Sinclair sat back in his chair, giving both of his brothers a long glance, another one of their silent conversations taking place. “You know that’s not all he is.”

Dacre gave him a look that resembled begrudging agreement.

What did that mean? Did Sinclair, Dacre, Presley know something about Boston that I didn’t?

Sinclair’s gaze locked on mine, speaking before I could ask. “If getting to know him is what you want, you can tell us that. We won’t stand in your way.”

“Like hell we won’t!” Presley said, leaning over to possessively take my hand. “I don’t care that he—”

Sinclair shot him a warning look.

There was definitely something they weren’t telling me about Boston. And I didn’t like it one bit.

I shook my head. “I don’t like any of this. And I don’t know what I want, but not that.”

“See? She doesn’t want to get to know him,” Presley said to Sinclair. “Stop putting fucking ideas in her head.”

Dacre was still watching me carefully. “She likes him, Pres. Even if she won’t admit it to herself, something has changed for her when it comes to him. Some of the fear is gone.”

The fear I’d been using like armor to shut Boston out.

“So she’s not afraid of him anymore? That’s great. That doesn’t mean she wants to get to know him.”

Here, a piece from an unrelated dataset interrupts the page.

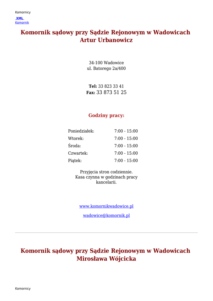 Komornicy XML Komornik Komornik sądowy przy Sądzie Rejonowym w Wadowicach Artur Urbanowicz 34-100 Wadowice ul. Batorego 2a/400 Tel: 33 823 33 41 Fax: 33 873 51 25 Godziny pracy: Poniedziałek: 7:00 - 15:00 Wtorek: 7:00 - 15:00 Środa: 7:00 - 15:00 Czwartek: 7:00 - 15:00 Piątek: 7:00 - 15:00 Przyjęcia stron codziennie. Kasa czynna w godzinach pracy kancelarii. www.komornikwadowice.pl [email protected] Komornik sądowy przy Sądzie Rejonowym w Wadowicach Mirosława Wójcicka Komornicy Komornicy 34-100 Wadowice ul. Mickiewicza 27 / 7 Tel: 33 873 26 65 Tel. kom. 535-957-990 Godziny urzędowania Poniedziałek - Piątek: 7.30 - 15.30 Przyjęcia stron przez Komornika Wtorek: 10.00 - 12.00 Czwartek: 14.00 - 16.30 www.komornik.wadowice.pl [email protected] Rachunek bankowy Bank Pekao S.A. o/Wadowice 83 1240 4197 1111 0010 2228 0560 Komornik Sądowy przy Sądzie Rejonowym w Wadowicach Olgierd Urbanowicz 34-100 Wadowice ul.Żwirki i Wigury 8/3 Komornicy Komornicy Tel: 33 873 26 95 e-mail: [email protected] www.komornikurbanowicz.pl Godziny otwarcia: Poniedziałek: 7.30 - 17.00 Wtorek - Piątek: 7.30 - 15.30 Komornik przyjmuje interesantów: Poniedziałk: 12.00 - 17.00 Konto do wpłat: Bank Gospodarki Żywnościowej SA nr konta: 37 2030 0045 1110 0000 0386 0330 Komornik Sądowy przy Sądzie Rejonowym w Wadowicach Tomasz Młodzikowski 34-100 Wadowice ul. Batorego 22 Tel/Fax: 33 874 47 82 e-mail: [email protected] www.komornik-wadowice.pl Godziny otwarcia: Komornicy Komornicy Poniedziałek: 8.00 - 17.00 Wtorek - Piątek: 8.00 - 15.30 Komornik przyjmuje strony: poniedziałek: 1400 - 1600 czwartek: 900 - 1200 Kasa czynna: w czasie urzędowania kancelarii Nr rachunku bankowego - Bank BGŻ: 70 2030 0045 1110 0000 0259 1170 Podmiot publikujący Sąd Rejonowy w Wadowicach Wytworzył Sąd Rejonowy w Wadowicach 2008-12-12 Publikujący Łukasz Polak 2008-12-12 15:03 Modyfikacja Łukasz Polak 2016-03-09 13:27 Rejestr zmian Komornicy

I didn’t miss the desperate edge to Presley’s voice, and I gripped his hand tighter in reassurance.

“I don’t know what I want, Pres. I’m so confused by the whole situation.

He showed up here unannounced, I’ve been forced into a marriage to him against my will, and my father is still somehow manipulating this whole thing.

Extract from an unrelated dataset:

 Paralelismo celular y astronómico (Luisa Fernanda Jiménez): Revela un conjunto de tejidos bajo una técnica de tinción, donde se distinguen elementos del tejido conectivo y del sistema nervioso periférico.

I’m not any closer to understanding the truth of what is really going on.

Every time I’m around Boston, I’m in constant conflict.

My body doesn’t know whether to be afraid of him or… ”

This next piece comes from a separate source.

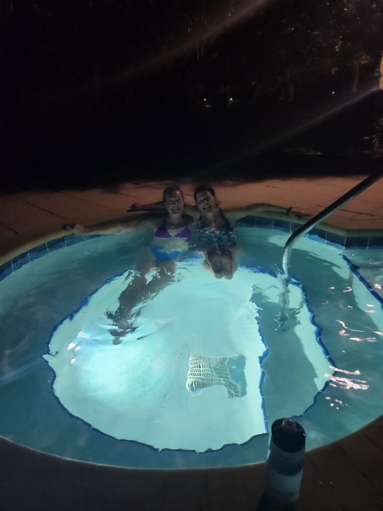 The weather deteriorates a bit but still comfortable. Around 9 pm the three of us decide to sneak back into the hot tub like last night. Says closed of course but nothing stops us again so we go in and enjoy the hot tub in solitude. We hear and Liz sees someone at the gates so we hide a bit and keep quiet for 10 minutes until they are gone. Ha! We’re so clever.

The words died in my throat, because what was the end of that sentence?

Sinclair provided it for me. “Attracted to him.”

I gave him a pleading, desperate look. I wasn’t attracted to Boston.

Was he objectively attractive? Yes. But the only people I was attracted to—the only men I wanted to give myself to—were seated at this table.

“He’s an attractive guy, Bambi. You’d have to be half dead not to notice it.” Dacre lifted a brow at me, daring me to deny it.

“Fine, he’s good looking, but it’s… whatever. He’s not important. And the one thing I’ll never be confused about is how I feel about the three of you.”

I reached out to cup Presley’s cheek, knowing he needed the physical reassurance the most. Sinclair and Dacre seemed almost accepting of Boston’s presence, but Presley was resistant, and honestly…

so was I. Punching Trent in the face wasn’t going to send me running into his arms. Especially when it meant leaving Pres, Sin, and Dacre behind.

That wasn’t going to happen. Ever. And the sooner Boston understood that, they better off we’d all be.

Pres calmed slightly at my words, but I could still see the panic behind his eyes that he was trying so hard to hide. He thought I was going to leave him, like everyone else in his life had, with the exception of his brothers.

“I’m not going anywhere.” I pressed my mouth to his in a quick kiss and when we pulled apart his panic had eased.

“Get to know him if that’s what you want,” Sinclair said, voice hard. Presley went to protest again, but Sin cut him off.

“Ivers is here, Pres, whether we like it or not. The way the guy’s…” He paused, choosing his words carefully, my suspicion that I was being kept in the dark only growing. “... showed up here, it’s clear he doesn’t plan on leaving any time soon.”

I swallowed at the sudden lump in my throat. I didn’t want this tension between us, and I was all too aware that I was the cause.

“If you had a shot at Dempsey,” Sinclair went on. “Would you fight for her?”

Pres brought my hand to his lips and kissed it. “With everything I had.”

I melted at his words despite the funk we were all in.

“So let him try,” Dacre cut in. “Us making this harder on Dempsey will only push her away. From us.”

I shook my head. “None of you could ever push me away.” I glanced at each of them. “I’ll never stop wanting you.”

I needed them to believe me. What I felt for each of them could never be broken or tainted. Not by anyone.

Pres sighed. “Do what you have to do, Sass. Just make sure you always come back to us.”

The words were encouraging, but laced with defeat at the same time.

“I’ll always come back to you, Pres. Because I’m not going anywhere. Least of all with Boston Ivers.”